Did any of you supported career and education of your spouse after undergrad? Do you regret it or wouldn’t change a thing if given the chance?
Not sure what you’re asking here…
H went to law school three years after we were married. He had been a financial systems analyst for 4.5 years before going back to school. I paid for our usual living expenses, though we downsized to one car, got a cheaper apartment and paid off most of my student loans to reduce monthly expenses. I was working for a large benefits consulting company but not making much. H worked in the summers. No assistance from parents. My job meant H only borrowed for tuition, not full COA.
Well…reverse. I returned to grad school. I had a fellowship but my husband supported me by paying all other living expenses…and relocating so I could get my masters.
And DH actually completed his bachelors after we got married with my support.
No regrets.
My H moved 3000 miles with me so I could attend grad school. It meant giving up a job he loved, a great friend group, leaving an area he really liked living in to start all over again in a new city.

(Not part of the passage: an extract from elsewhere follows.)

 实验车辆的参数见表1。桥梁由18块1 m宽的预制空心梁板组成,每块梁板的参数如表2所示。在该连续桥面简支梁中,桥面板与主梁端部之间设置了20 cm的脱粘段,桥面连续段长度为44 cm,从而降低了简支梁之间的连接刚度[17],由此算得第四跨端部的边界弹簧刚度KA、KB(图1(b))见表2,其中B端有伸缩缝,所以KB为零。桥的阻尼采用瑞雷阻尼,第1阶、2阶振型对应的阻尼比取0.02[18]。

Five years later, I supported us entirely for two years when he enrolled in an art school program full time. I did not make much money - those were some mighty lean years, but it enabled him to pursue a passion and create a career path he loves. No regrets!

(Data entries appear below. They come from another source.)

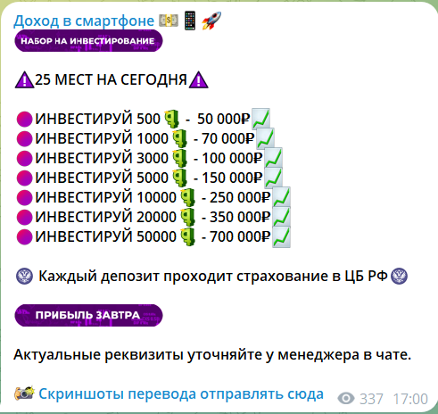 Многие могут подумать, мол, 500 рублей потерять не жалко – на это и рассчитывают мошенники, которые являются дополнительно хорошими психологами. В срок выплаты каждый инвестор получит уведомление с поздравлениями, что раскрутка завершилась удачно и все готово на выплату, правда, с суммы дохода вначале нужно перевести 13% для уплаты налогов, далее появятся услуги гаранта, которому надо еще 10%. Требования в дополнительных переводах могут поступать бесконечно, но по итогу ничего не выплатят.
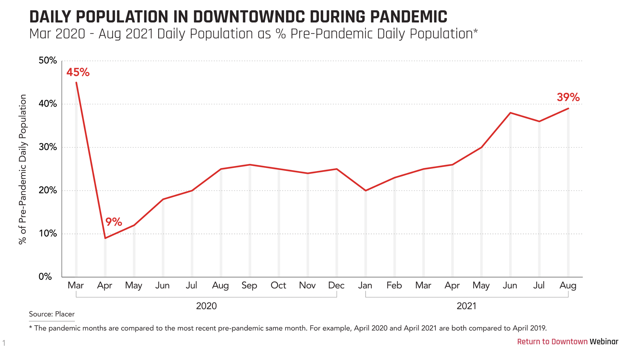 In August, the daily population within the downtown BID’s boundaries was 39% of what it was in August 2019, according to the BID. Hotel room occupancy was down more than 50%. Weekday Metro ridership totaled just 21% of pre-pandemic levels.
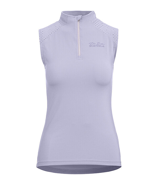 Camiseta deportiva sin mangas con cuello alto, cremallera y protector de barbilla. Ventilación óptima gracias a las perforaciones láser funcionales en hombros y espalda. Transpirable y de secado rápido. Logotipo estampado en silicona. 88 % poliéster, 12 % elastano.

Monetarily or emotionally supported? I gave up a heck of a lot of my own ambitions to follow my then fiance and now H all over the country to support his career. Would I do again? Yep - we have a great marriage, a great kid, and I’m very blessed.
Just as I turned 30, DH and I moved to from MI to MA so I could attend business school. It was a huge mistake (another story), but we stayed in MA for ten years after I left the program because we fell in love with New England, so it wasn’t a total loss. I do regret incurring the cost of the tuition we owed, but DH never blamed me.
22 years ago, We moved to another state right after our wedding at ages 22 and 24 so that my spouse could complete a master’s, PhD, and postdoc. He had full funding, but the assistantships were only around 14,000/year. I worked full-time, and while the salary was terrible, the health insurance and other benefits were wonderful (and I still work for the same organization). We also had our first two children while he was in graduate school. As @DeeCee36 said, those were lean years, but I wouldn’t change a thing.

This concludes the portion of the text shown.